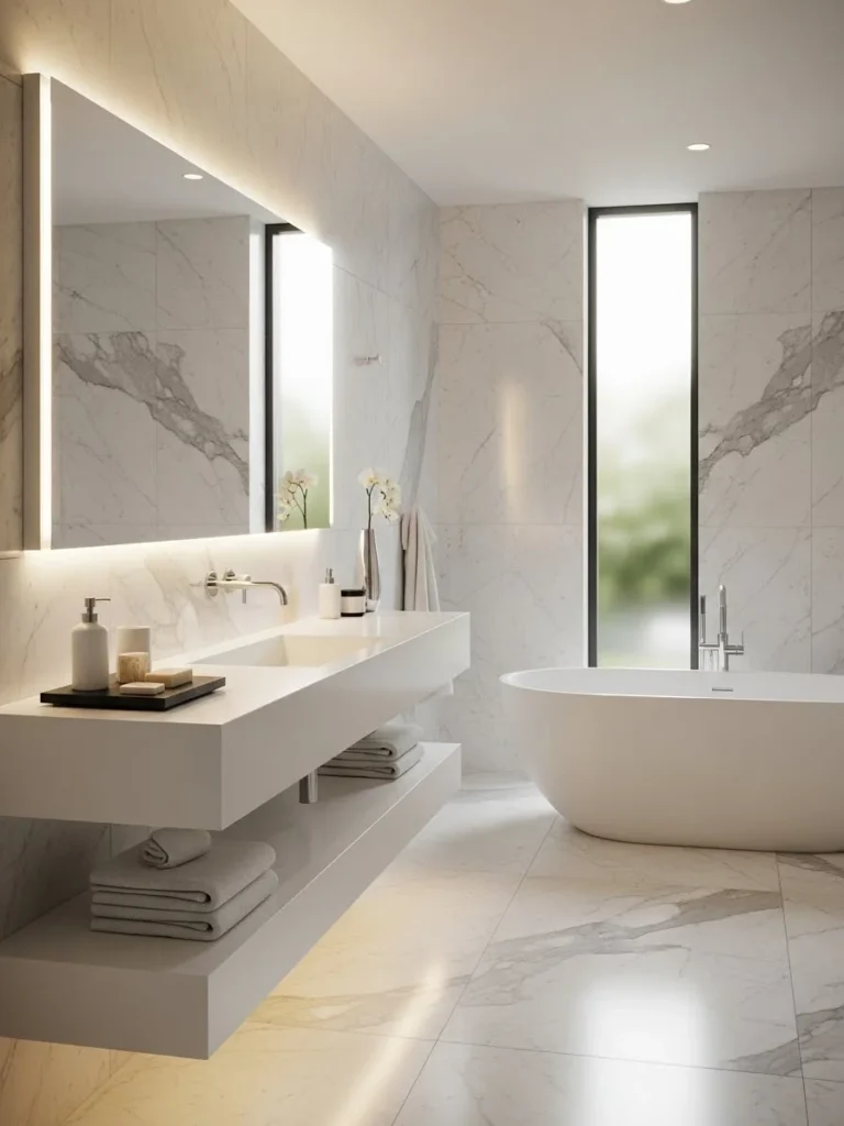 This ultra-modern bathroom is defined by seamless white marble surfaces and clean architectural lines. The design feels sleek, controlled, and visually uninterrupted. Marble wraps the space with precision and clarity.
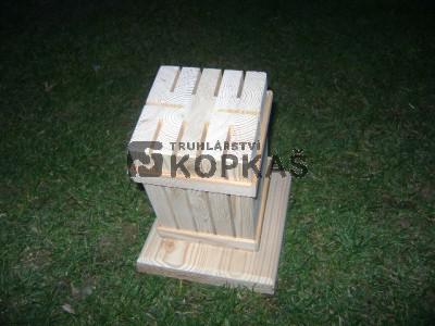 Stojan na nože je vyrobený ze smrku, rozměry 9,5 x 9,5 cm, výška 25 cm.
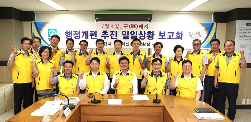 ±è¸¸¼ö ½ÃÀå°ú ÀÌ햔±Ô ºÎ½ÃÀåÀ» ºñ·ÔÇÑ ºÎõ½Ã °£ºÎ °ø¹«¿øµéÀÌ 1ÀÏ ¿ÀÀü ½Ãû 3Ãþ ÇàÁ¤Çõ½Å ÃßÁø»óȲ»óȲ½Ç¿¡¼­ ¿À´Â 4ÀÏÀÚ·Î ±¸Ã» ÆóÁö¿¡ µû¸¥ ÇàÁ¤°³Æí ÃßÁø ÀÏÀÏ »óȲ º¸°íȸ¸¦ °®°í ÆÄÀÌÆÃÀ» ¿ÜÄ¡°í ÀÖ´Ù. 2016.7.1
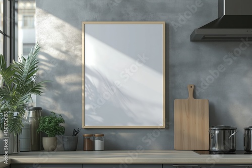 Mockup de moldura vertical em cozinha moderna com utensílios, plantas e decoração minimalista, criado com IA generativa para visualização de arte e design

- [WORK ITEM] Retype word for word all the material given above, and keep the pictures out.

- [THE COMPLETED TASK]
 This ultra-modern bathroom is defined by seamless white marble surfaces and clean architectural lines. The design feels sleek, controlled, and visually uninterrupted. Marble wraps the space with precision and clarity.
 Stojan na nože je vyrobený ze smrku, rozměry 9,5 x 9,5 cm, výška 25 cm.
 ±è¸¸¼ö ½ÃÀå°ú ÀÌ햔±Ô ºÎ½ÃÀåÀ» ºñ·ÔÇÑ ºÎõ½Ã °£ºÎ °ø¹«¿øµéÀÌ 1ÀÏ ¿ÀÀü ½Ãû 3Ãþ ÇàÁ¤Çõ½Å ÃßÁø»óȲ»óȲ½Ç¿¡¼­ ¿À´Â 4ÀÏÀÚ·Î ±¸Ã» ÆóÁö¿¡ µû¸¥ ÇàÁ¤°³Æí ÃßÁø ÀÏÀÏ »óȲ º¸°íȸ¸¦ °®°í ÆÄÀÌÆÃÀ» ¿ÜÄ¡°í ÀÖ´Ù. 2016.7.1
 Mockup de moldura vertical em cozinha moderna com utensílios, plantas e decoração minimalista, criado com IA generativa para visualização de arte e design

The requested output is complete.